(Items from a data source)
━━━
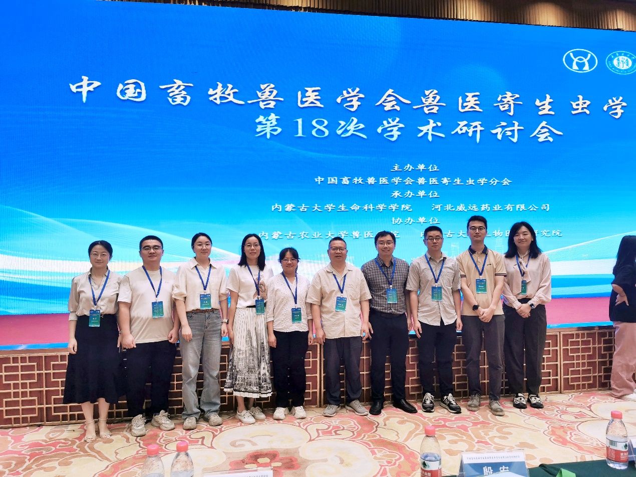 近日,由中国畜牧兽医学会兽医寄生虫学分会主办,内蒙古大学生命科学学院和河北威远药业有限责任公司共同承办,内蒙古农业大学兽医学院和内蒙古大学生物医学研究院协办的“中国畜牧兽医学会兽医寄生虫学分会第18次学术研讨会”在呼和浩特成功举办。动物寄生虫病研究中心杨光友教授、谢跃教授、古小彬副教授、王辉副教授、何冉老师、徐璟老师及博士研究生邵国庆参会。
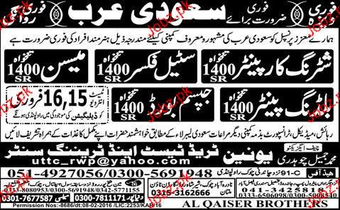 Building Painters, Gypsum Board, Steel Fixer Job Opportunity
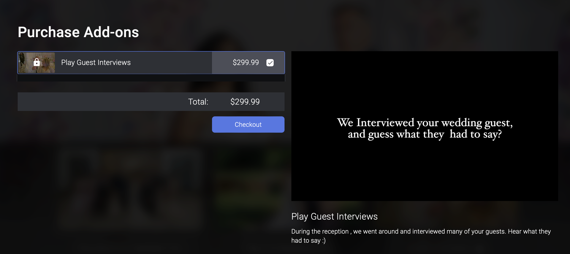 Dynamic Video Sales is an innovate marketing tool that enables you to seamlessly upsell customized add-ons with your delivered content, boosting both the emotional impact of your films and your revenue.
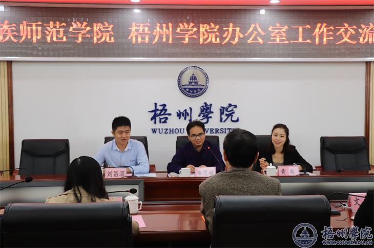 12月5日上午,广西民族师范学院党委常委、办公室(院长办公室)主任韦茂斌一行3人到我校交流考察,在明理楼八楼第一会议室召开工作交流座谈会。我校校长助理,党委(院长)办公室、校友工作办公室主任李远林,党委(院长)办公室副主任文玉兰,以及相关科室负责同志参加了座谈会。
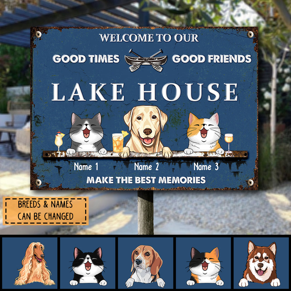 Metal Lake House Sign, Gifts For Pet Lovers, Good Times Good Friends Make The Best Memories Blue Welcome Signs
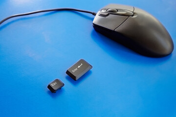 Enter and Escape key and computer mouse on light blue background, minimal requirements, minimalism in work, optimization of work, freedom of creativity
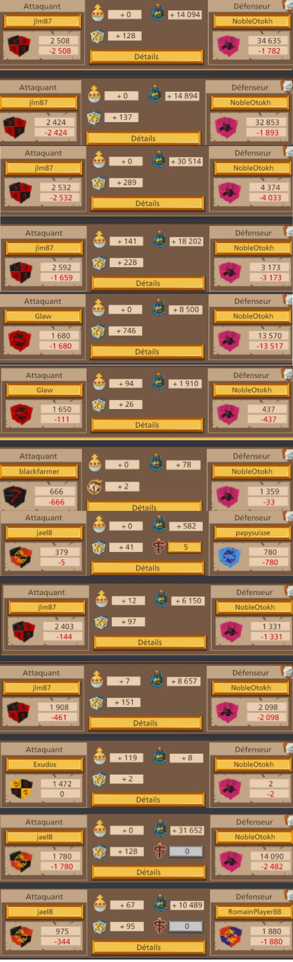 Merci à toi, non l'objectif n'est pas de détruire leur alliance je n'est pas la prétention de dire que nous le pouvons. C'est une belle guerre pour le moment il on fait appel a leur protecteur alors que NobleOtokh disait hier qu'ils avaient l'avantage et qu'il valait mieux regler sa en 1v1 pour épargner notre alliance. J'ai l'impression que son discours a changer si ils ont fait appel a leur protecteurfortané (FR1) a dit :Bonjour,jael8 (FR1) a dit :déjà 6 départ de leur coté il était 38 au début de la guerre les voilà plus que 32
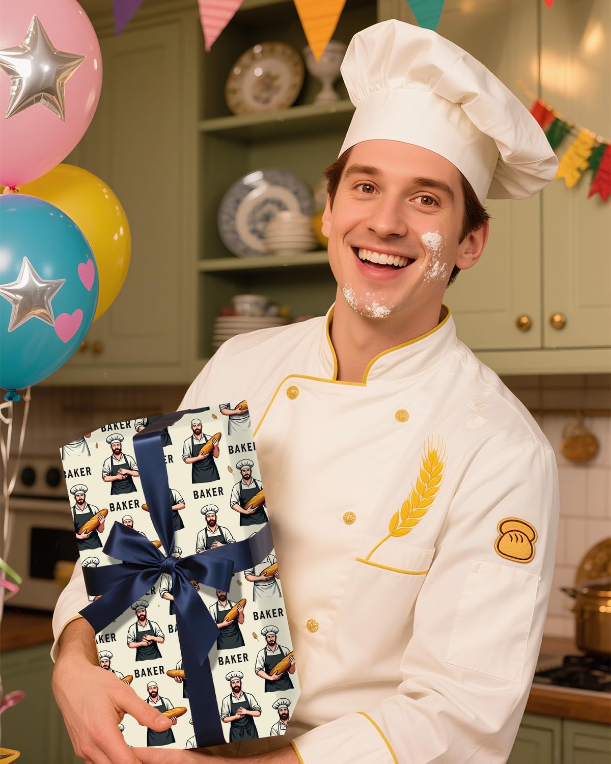 - ADORABLE BAKER DESIGN: Our wrapping paper is beautifully printed with a charming assortment of baking-themed elements, including: cheerful bakers, essential baking tools, tempting croissants, loaves of bread, and powerful mixers. It also features playful "Baker" lettering that adds a special touch.
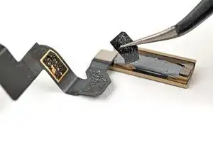 Используйте пинцет или пальцы, чтобы удалить старую клейкую ленту с кабеля антенны 5G mmWave и его мест на печатной плате.
━━━
> Work instructions: Word for word, give the data above again, without any images.

> Solution for this problem:
 近日,由中国畜牧兽医学会兽医寄生虫学分会主办,内蒙古大学生命科学学院和河北威远药业有限责任公司共同承办,内蒙古农业大学兽医学院和内蒙古大学生物医学研究院协办的“中国畜牧兽医学会兽医寄生虫学分会第18次学术研讨会”在呼和浩特成功举办。动物寄生虫病研究中心杨光友教授、谢跃教授、古小彬副教授、王辉副教授、何冉老师、徐璟老师及博士研究生邵国庆参会。
 Building Painters, Gypsum Board, Steel Fixer Job Opportunity
 Dynamic Video Sales is an innovate marketing tool that enables you to seamlessly upsell customized add-ons with your delivered content, boosting both the emotional impact of your films and your revenue.
 12月5日上午,广西民族师范学院党委常委、办公室(院长办公室)主任韦茂斌一行3人到我校交流考察,在明理楼八楼第一会议室召开工作交流座谈会。我校校长助理,党委(院长)办公室、校友工作办公室主任李远林,党委(院长)办公室副主任文玉兰,以及相关科室负责同志参加了座谈会。
 Metal Lake House Sign, Gifts For Pet Lovers, Good Times Good Friends Make The Best Memories Blue Welcome Signs
 Enter and Escape key and computer mouse on light blue background, minimal requirements, minimalism in work, optimization of work, freedom of creativity
 Merci à toi, non l'objectif n'est pas de détruire leur alliance je n'est pas la prétention de dire que nous le pouvons. C'est une belle guerre pour le moment il on fait appel a leur protecteur alors que NobleOtokh disait hier qu'ils avaient l'avantage et qu'il valait mieux regler sa en 1v1 pour épargner notre alliance. J'ai l'impression que son discours a changer si ils ont fait appel a leur protecteurfortané (FR1) a dit :Bonjour,jael8 (FR1) a dit :déjà 6 départ de leur coté il était 38 au début de la guerre les voilà plus que 32
 - ADORABLE BAKER DESIGN: Our wrapping paper is beautifully printed with a charming assortment of baking-themed elements, including: cheerful bakers, essential baking tools, tempting croissants, loaves of bread, and powerful mixers. It also features playful "Baker" lettering that adds a special touch.
 Используйте пинцет или пальцы, чтобы удалить старую клейкую ленту с кабеля антенны 5G mmWave и его мест на печатной плате.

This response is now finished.